Shortcuts

slideflow.norm

The slideflow.norm submodule includes tools for H&E stain normalization and augmentation.

Available stain normalization algorithms include:

  • macenko: Original Macenko paper.

  • macenko_fast: Modified Macenko algorithm with the brightness standardization step removed.

  • reinhard: Original Reinhard paper.

  • reinhard_fast: Modified Reinhard algorithm with the brightness standardization step removed.

  • reinhard_mask: Modified Reinhard algorithm, with background/whitespace removed.

  • reinhard_fast_mask: Modified Reinhard-Fast algorithm, with background/whitespace removed.

  • vahadane: Original Vahadane paper.

  • augment: HSV colorspace augmentation.

  • cyclegan: CycleGAN-based stain normalization, as implemented by Zingman et al (PyTorch only)

Overview

The main normalizer interface, slideflow.norm.StainNormalizer, offers efficient numpy implementations for the Macenko, Reinhard, and Vahadane H&E stain normalization algorithms, as well as an HSV colorspace stain augmentation method. This normalizer can convert images to and from Tensors, numpy arrays, and raw JPEG/PNG images.

In addition to these numpy implementations, PyTorch-native and Tensorflow-native implementations are also provided, which offer performance improvements, GPU acceleration, and/or vectorized application. The native normalizers are found in slideflow.norm.tensorflow and slideflow.norm.torch, respectively.

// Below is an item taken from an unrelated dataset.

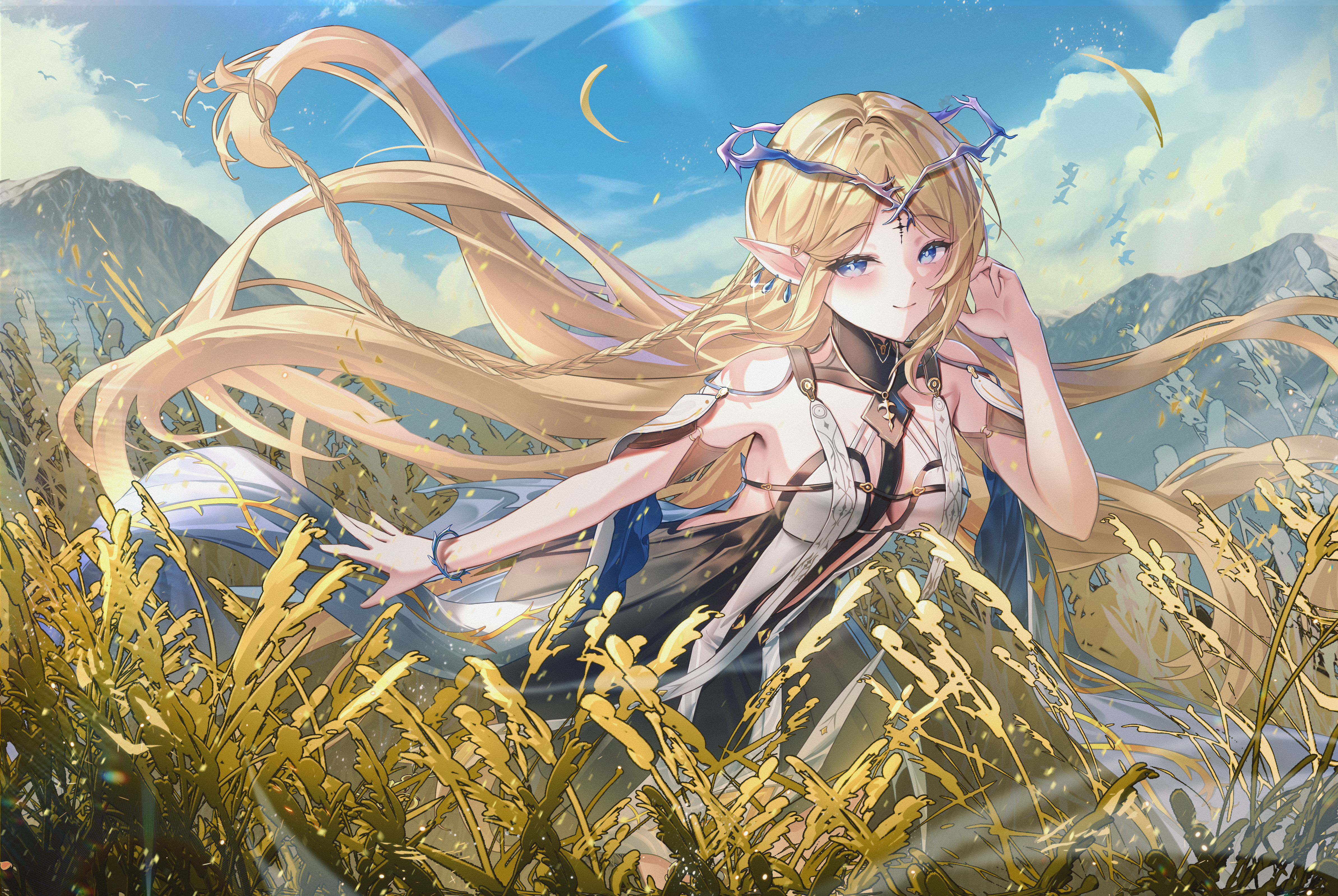 1girlbare shouldersblack collarblack dressblonde hairblue eyesblue skybreastscollarcrown of thornsdaydressearringshand upjewelrylong hairlooking at viewermedium breastsmultiple earringsnecklaceoutdoorsparted bangspointy earssidelocksskysolotabardtacet mark (wuthering waves)very long hairwheatwhite tabardwind

The Vahadane normalizer has two numpy implementations available: SPAMS (vahadane_spams) and sklearn (vahadane_sklearn). By default, the SPAMS implementation will be used if unspecified (method='vahadane').

Use slideflow.norm.autoselect() to get the fastest available normalizer for a given method and active backend (Tensorflow/PyTorch).

How to use

There are four ways you can use stain normalizers: 1) on individual images, 2) during dataset iteration, 3) during tile extraction, or 4) on-the-fly during training.

Individual images

Stain normalizers can be used directly on individual images or batches of images. The Tensorflow and PyTorch-native stain normalizers perform operations on Tensors, allowing you to incoporate stain normalization into an external preprocessing pipeline.

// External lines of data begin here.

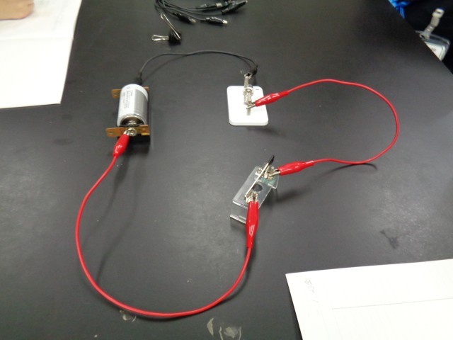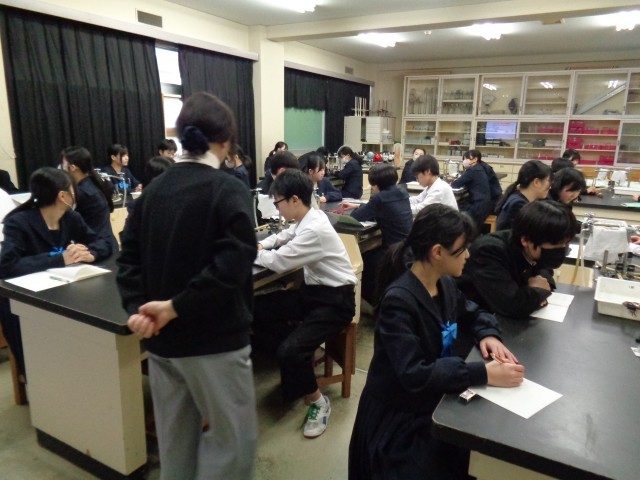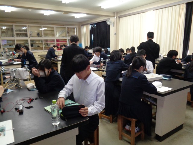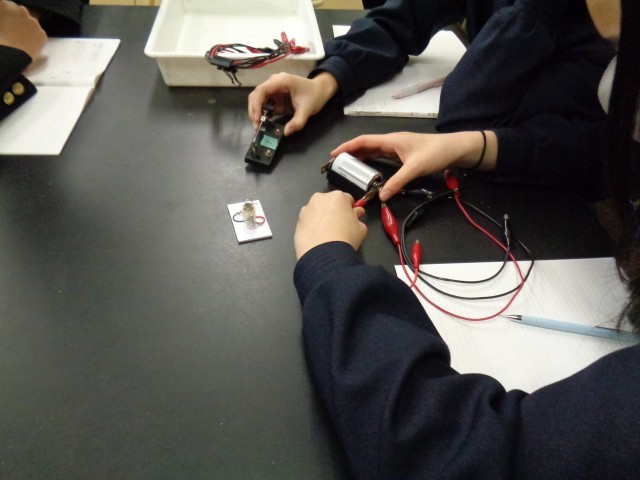 2学年の理科です。理科室で電流の学習をしています。今日は豆電球を使って回路を作っていました。
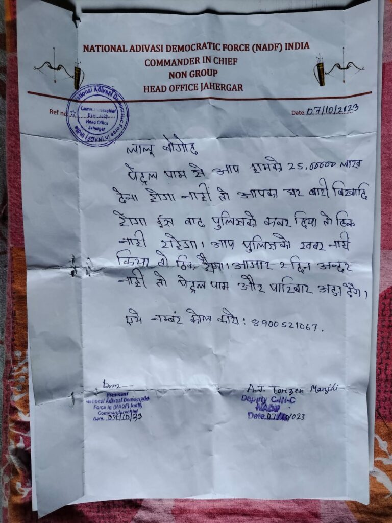 बरहेट थाना क्षेत्र से पकड़े गए आदिवासी कोबरा मिलिट्री ऑफ असम के सदस्यों ने पूछताछ में बताया कि वे लोग इस क्षेत्र में अपने संगठन का विस्तार करने में लगे थे. इसके लिए पैसे के इंतजाम के लिए भाजपा नेत्री रेणुका मुर्मू के पति और पेट्रोल पंप व्यवसाई लालू भगत से 25 लाख रुपए की मांग की गई. यह भी धमकी दी गई की यदि पैसा नहीं देते है और पुलिस को सूचना दी तो घर सहित पूरे परिवार को बम से उड़ा देंगे. यह धमकी एनडीएएफ के लेटर पैड पर दी गई. जो पुलिस के हाथ लग गई.
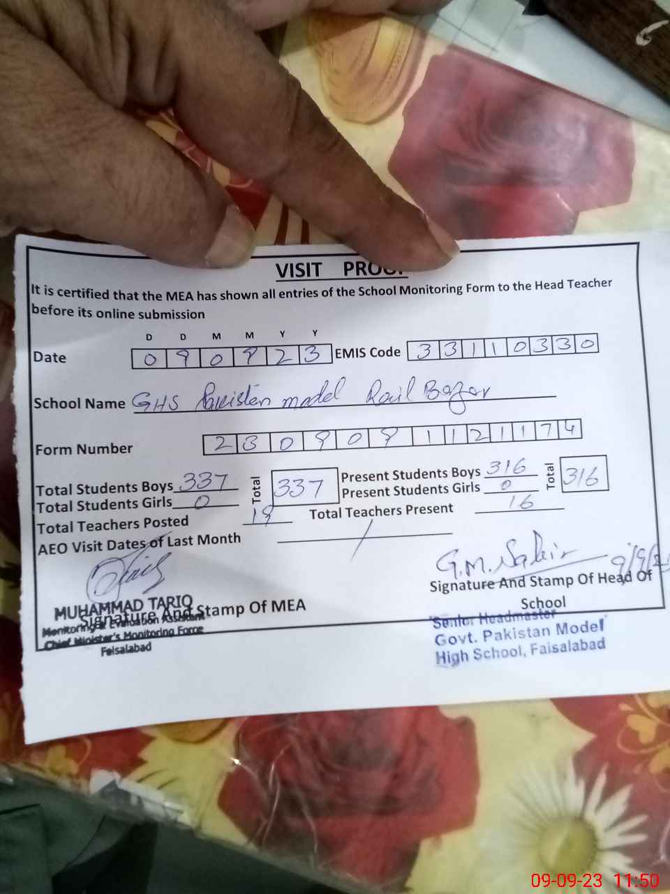 | EMIS Code: 33110330 | Name of School: GHS PAK MODEL RAIL BAZAR FSD | |||
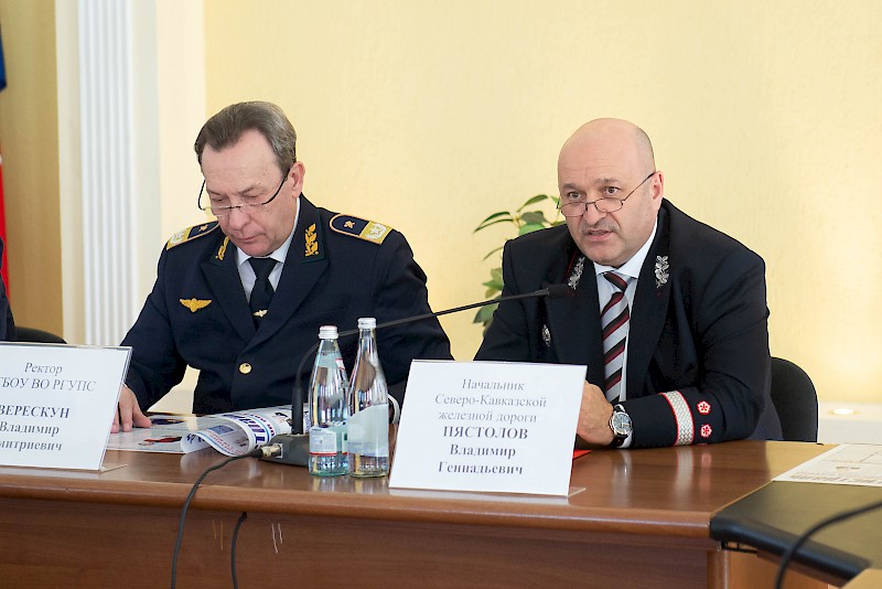 Президиум собрания: ректор д.т.н., профессор В.Д. Верескун, начальник СКЖД-филиала ОАО «РЖД» В.Г. Пястолов, первый проректор к.т.н., профессор А.В. Челохьян, президент РГУПС, академик РАН В.И. Колесников, проректор по научной работе , д.т.н., профессор А.Н. Гуда.
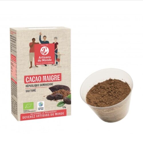 Tiré de fèves très aromatiques, le cacao maigre Artisans du Monde apporte une touche d’authenticité à vos recettes chocolatées. La saveur brute et intense de ce cacao en poudre fera voyager vos sens. Voilà un ingrédient d’exception, 100 % plaisir et 100 % bonne humeur ! En effet, le cacao réchauffe les cœurs puisqu’on lui prête des effets stimulants.
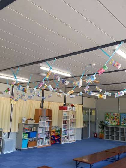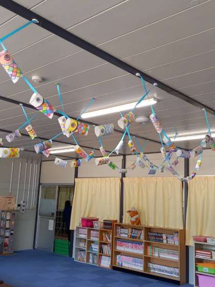 みんながぬり絵をしたこいのぼりが活動室で泳いでいます。

Load a backend-native stain normalizer with autoselect, then transform an image with StainNormalizer.transform(). This function will auto-detect the source image type, perform the most efficient transformation possible, and return normalized images of the same type.

import slideflow as sf

macenko = sf.norm.autoselect('macenko')
image = macenko.transform(image)

You can use slideflow.norm.StainNormalizer.fit() to fit the normalizer to a custom reference image, or use one of our preset fits.

Dataloader pre-processing

You can apply stain normalization during dataloader preprocessing by passing the StainNormalizer object to the normalizer argument of either Dataset.tensorflow() or Dataset.torch().

import slideflow as sf

# Get a PyTorch-native Macenko normalizer
macenko = sf.norm.autoselect('macenko')

# Create a PyTorch dataloader that applies stain normalization
dataset = sf.Dataset(...)
dataloader = dataset.torch(..., normalizer=macenko)

Note

GPU acceleration cannot be performed within a PyTorch dataloader. Stain normalizers have a .preprocess() function that stain-normalizes and standardizes a batch of images, so the workflow to normalize on GPU in a custom PyTorch training loop would be:

  • Get a Dataloader with dataset.torch(standardize=False, normalize=False)

  • On an image batch, preprocess with normalizer.preprocess():

# Slideflow dataset
dataset = Project.dataset(tile_px=..., tile_um=...)

# Create PyTorch dataloader
dataloader = dataset.torch(..., standardize=False)

# Get a stain normalizer
normalizer = sf.norm.autoselect('reinhard')

# Iterate through the dataloader
for img_batch, labels in dataloader:

    # Stain normalize using GPU
    img_batch = img_batch.to('cuda')
    with torch.no_grad():
        proc_batch = normalizer.preprocess(img_batch)

    ...

During tile extraction

Image tiles can be normalized during tile extraction by using the normalizer and normalizer_source arguments. normalizer is the name of the algorithm. The normalizer source - either a path to a reference image, or a str indicating one of our presets (e.g. 'v1', 'v2', 'v3') - can also be set with normalizer_source.

P.extract_tiles(
  tile_px=299,
  tile_um=302,
  normalizer='reinhard'
)

On-the-fly

Performing stain normalization on-the-fly provides greater flexibility, as it allows you to change normalization strategies without re-extracting all of your image tiles.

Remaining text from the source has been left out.